## Action item
Pull every line containing the word "kościoła" from the records.

## Data records
§

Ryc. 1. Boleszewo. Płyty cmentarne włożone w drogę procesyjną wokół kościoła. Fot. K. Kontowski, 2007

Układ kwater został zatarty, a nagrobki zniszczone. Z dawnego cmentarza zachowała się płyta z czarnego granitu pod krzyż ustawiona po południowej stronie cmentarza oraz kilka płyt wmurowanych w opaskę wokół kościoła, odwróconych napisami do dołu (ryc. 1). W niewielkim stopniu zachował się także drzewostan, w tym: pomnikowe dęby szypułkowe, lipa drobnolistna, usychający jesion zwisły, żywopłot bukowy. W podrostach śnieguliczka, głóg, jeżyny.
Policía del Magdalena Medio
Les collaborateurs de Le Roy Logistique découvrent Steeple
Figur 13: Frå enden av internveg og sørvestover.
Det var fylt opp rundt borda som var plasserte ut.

§

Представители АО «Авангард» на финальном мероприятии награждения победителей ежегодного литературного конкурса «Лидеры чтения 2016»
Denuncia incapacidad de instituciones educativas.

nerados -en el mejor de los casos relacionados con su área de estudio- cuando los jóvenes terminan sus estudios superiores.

§

## Expected output
Ryc. 1. Boleszewo. Płyty cmentarne włożone w drogę procesyjną wokół kościoła. Fot. K. Kontowski, 2007
Układ kwater został zatarty, a nagrobki zniszczone. Z dawnego cmentarza zachowała się płyta z czarnego granitu pod krzyż ustawiona po południowej stronie cmentarza oraz kilka płyt wmurowanych w opaskę wokół kościoła, odwróconych napisami do dołu (ryc. 1). W niewielkim stopniu zachował się także drzewostan, w tym: pomnikowe dęby szypułkowe, lipa drobnolistna, usychający jesion zwisły, żywopłot bukowy. W podrostach śnieguliczka, głóg, jeżyny.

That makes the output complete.